• EXERCISE DESCRIPTION: Exact wording is required: give all the records again, minus the pictures.

Items listed in a dataset:
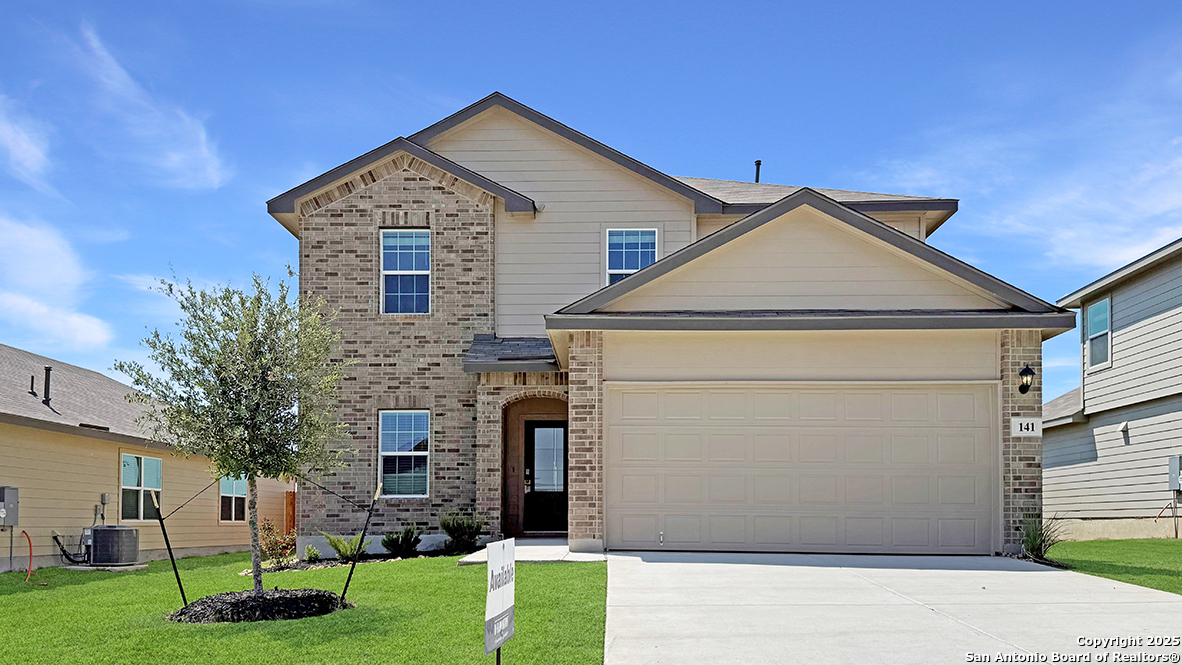 Step into The Landry, our largest two-story home at Redbird Ranch in San Antonio, TX. is one of our larger floor plans. This layout features 5 bedrooms, 3.5 bathrooms and a 2-car garage. The Landry also offers 4 classic front exteriors and 2678 square feet of comfortable living. The Landry features classic designs and modern features that blend seamlessly to create the perfect space for you and your loved ones. The covered front patio (per plan) opens into a beautiful foyer and formal dining room with abundant natural light from multiple windows. The dining room leads into an open-concept kitchen with stainless steel appliances, quartz countertops, white subway tile backsplash, and an angled kitchen island that faces the spacious living room, perfect for entertaining! The private main bedroom suite is also located off the living room. Your bedroom area is spacious and you'll relax in style with large windows and quality carpet flooring. The ensuite bathroom features ceramic tile flooring, desirable double vanity sinks, separate garden tub and walk-in shower, a private water closet, and large walk-in closet with plenty of shelving. The second story of The Landry has so much to offer! A large loft area is waiting for you at the top of the stairs. Whether you use this space as a game room, office, or a media room, there is sure to be comfort. Your remaining 4 bedrooms are all located off the loft and include large windows, quality carpet flooring and spacious closets. You will also find 2 full bathrooms upstairs, complete with bath tub and shower combos and single vanity sinks. This floor plan even has a linen closet! Additional features include tall 9-foot ceilings, 2-inch faux wood blinds throughout the home, luxury vinyl plank flooring in the entry, family room, kitchen, and dining area, ceramic tile in the bathrooms and utility room, pre-plumb for water softener loop, and full yard landscaping and irrigation. You'll enjoy added security in your new home with our Home is Connected features. Using one central hub that talks to all the devices in your home, you can control the lights, thermostat and locks, all from your cellular device.
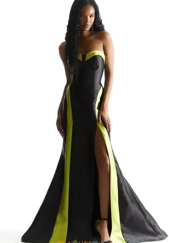 Look like Hollywood royalty at your prom in this sophisticated color block Morileee long dress style 59024. Made in contrasting satin color shades, this strapless gown showcases a corset bodice with a sweetheart neckline and lace up tie back. The fit and flared long skirt has a flounced fishtail back, slit and sweep train.
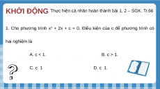 1. Cho phương trình x2 + 2x + c = 0. Điều kiện của c để phương trình có hai nghiệm là A. c < 1. B. c > 1. C. c 1 D. c 1.
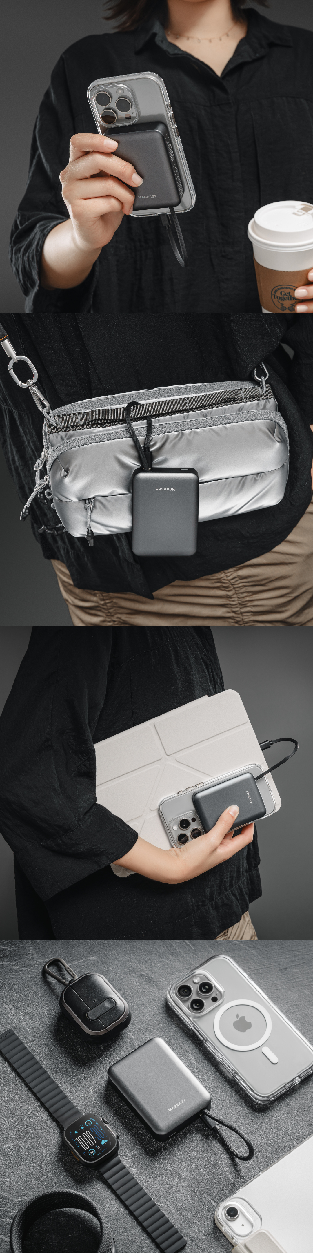 - 輕巧便攜搭機旅遊無負擔 小巧輕便,不佔位。相容多款手機、不遮鏡頭。38.5Wh 電池容量符合航空 安全規範,出門旅行
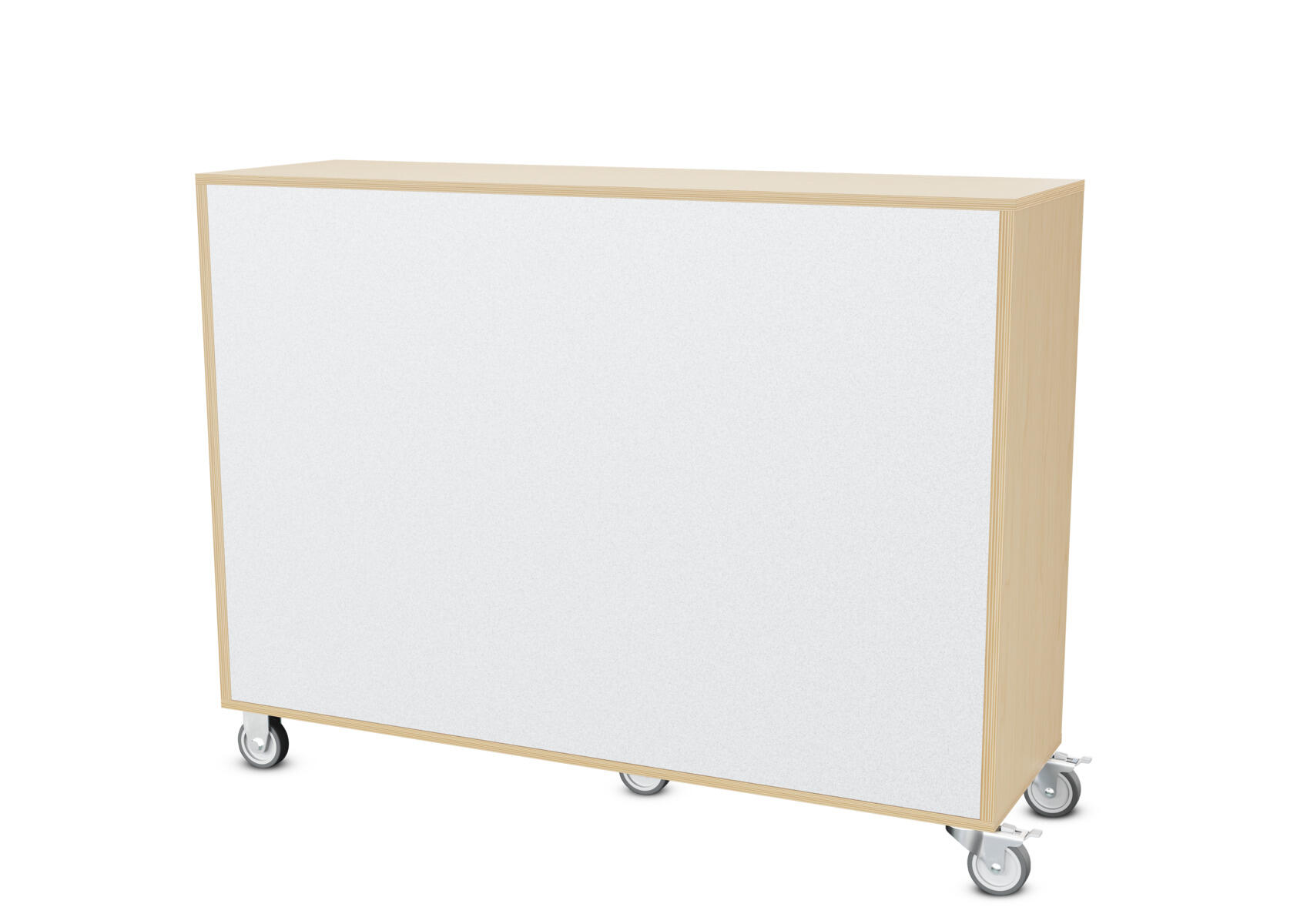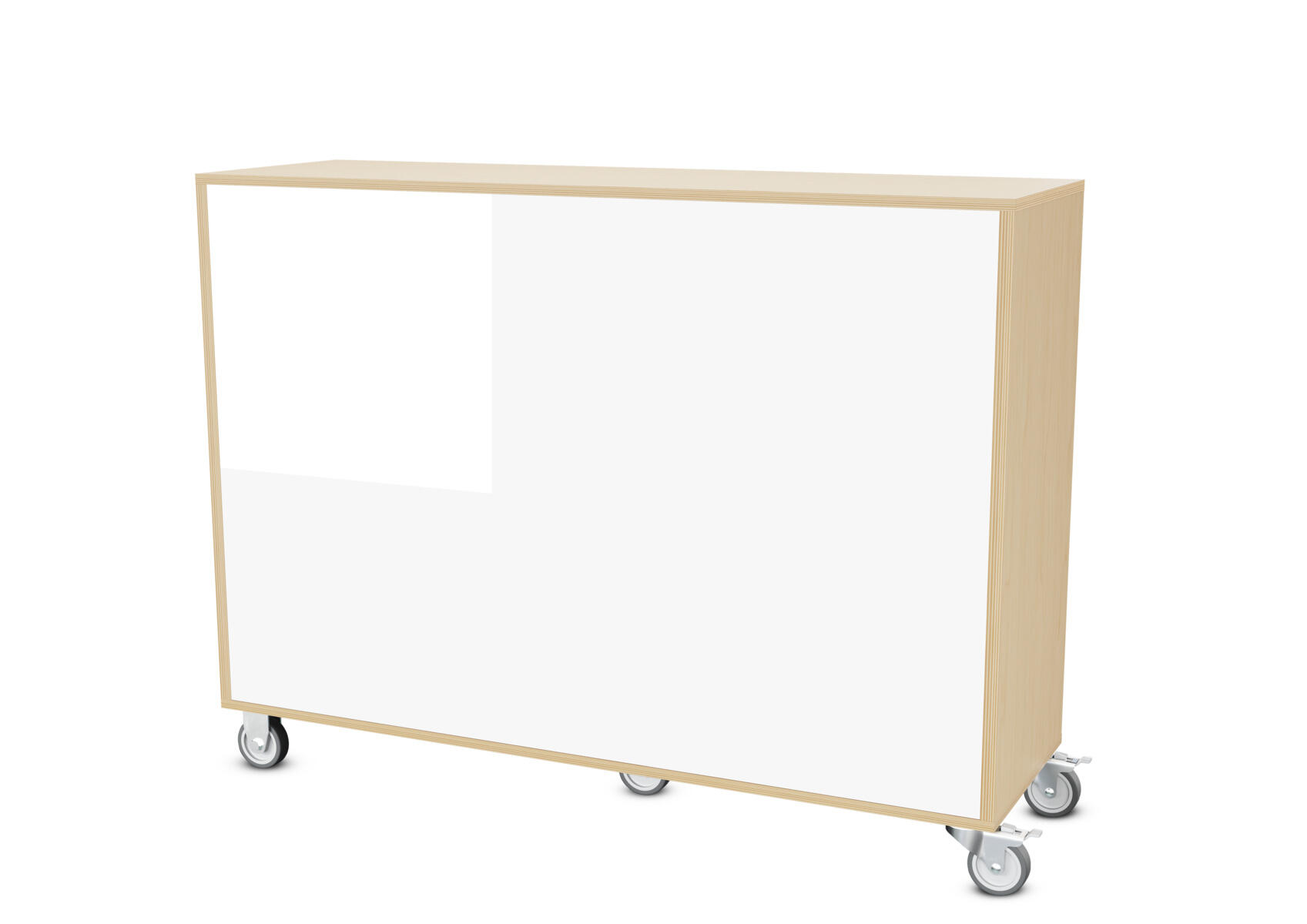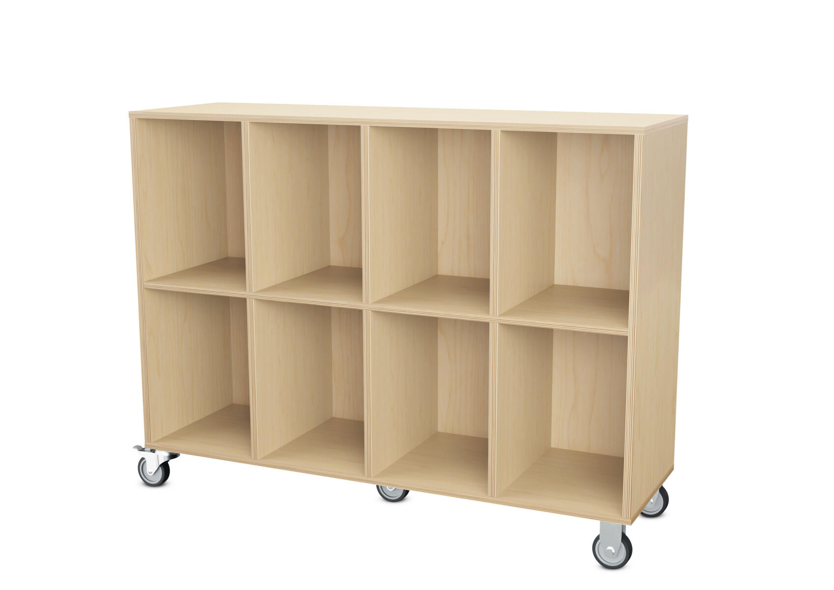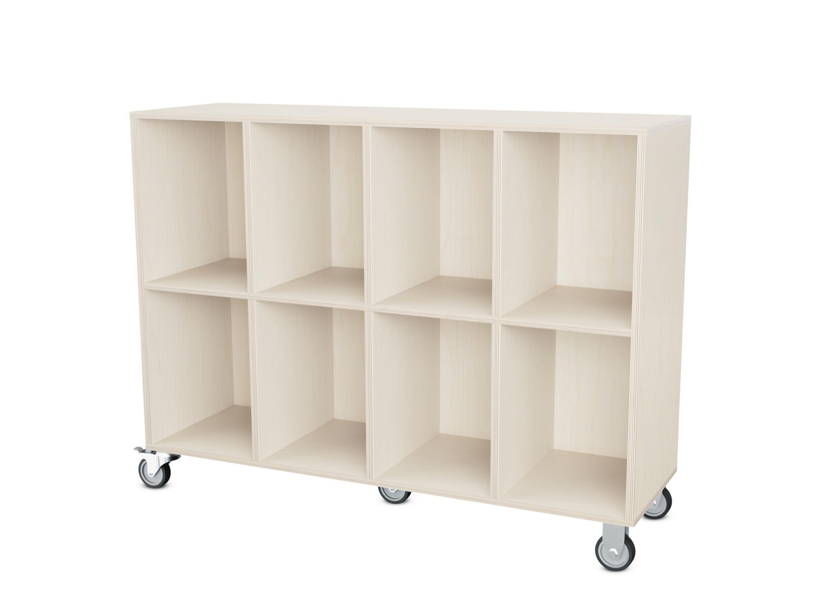 Säilytyskaluste, jossa valittavissa erilaisia taustavaihtoehtoja omaan tarpeeseen. Valmistettu koivuvanerista. Kiinteät hyllyt ja väliseinät. Varustettu neljällä pyörällä, joista kaksi on kiinteää ja kaksi lukittavaa kääntöpyörää.

• EXERCISE OUTPUT:
 Step into The Landry, our largest two-story home at Redbird Ranch in San Antonio, TX. is one of our larger floor plans. This layout features 5 bedrooms, 3.5 bathrooms and a 2-car garage. The Landry also offers 4 classic front exteriors and 2678 square feet of comfortable living. The Landry features classic designs and modern features that blend seamlessly to create the perfect space for you and your loved ones. The covered front patio (per plan) opens into a beautiful foyer and formal dining room with abundant natural light from multiple windows. The dining room leads into an open-concept kitchen with stainless steel appliances, quartz countertops, white subway tile backsplash, and an angled kitchen island that faces the spacious living room, perfect for entertaining! The private main bedroom suite is also located off the living room. Your bedroom area is spacious and you'll relax in style with large windows and quality carpet flooring. The ensuite bathroom features ceramic tile flooring, desirable double vanity sinks, separate garden tub and walk-in shower, a private water closet, and large walk-in closet with plenty of shelving. The second story of The Landry has so much to offer! A large loft area is waiting for you at the top of the stairs. Whether you use this space as a game room, office, or a media room, there is sure to be comfort. Your remaining 4 bedrooms are all located off the loft and include large windows, quality carpet flooring and spacious closets. You will also find 2 full bathrooms upstairs, complete with bath tub and shower combos and single vanity sinks. This floor plan even has a linen closet! Additional features include tall 9-foot ceilings, 2-inch faux wood blinds throughout the home, luxury vinyl plank flooring in the entry, family room, kitchen, and dining area, ceramic tile in the bathrooms and utility room, pre-plumb for water softener loop, and full yard landscaping and irrigation. You'll enjoy added security in your new home with our Home is Connected features. Using one central hub that talks to all the devices in your home, you can control the lights, thermostat and locks, all from your cellular device.
 Look like Hollywood royalty at your prom in this sophisticated color block Morileee long dress style 59024. Made in contrasting satin color shades, this strapless gown showcases a corset bodice with a sweetheart neckline and lace up tie back. The fit and flared long skirt has a flounced fishtail back, slit and sweep train.
 1. Cho phương trình x2 + 2x + c = 0. Điều kiện của c để phương trình có hai nghiệm là A. c < 1. B. c > 1. C. c 1 D. c 1.
 - 輕巧便攜搭機旅遊無負擔 小巧輕便,不佔位。相容多款手機、不遮鏡頭。38.5Wh 電池容量符合航空 安全規範,出門旅行
 Säilytyskaluste, jossa valittavissa erilaisia taustavaihtoehtoja omaan tarpeeseen. Valmistettu koivuvanerista. Kiinteät hyllyt ja väliseinät. Varustettu neljällä pyörällä, joista kaksi on kiinteää ja kaksi lukittavaa kääntöpyörää.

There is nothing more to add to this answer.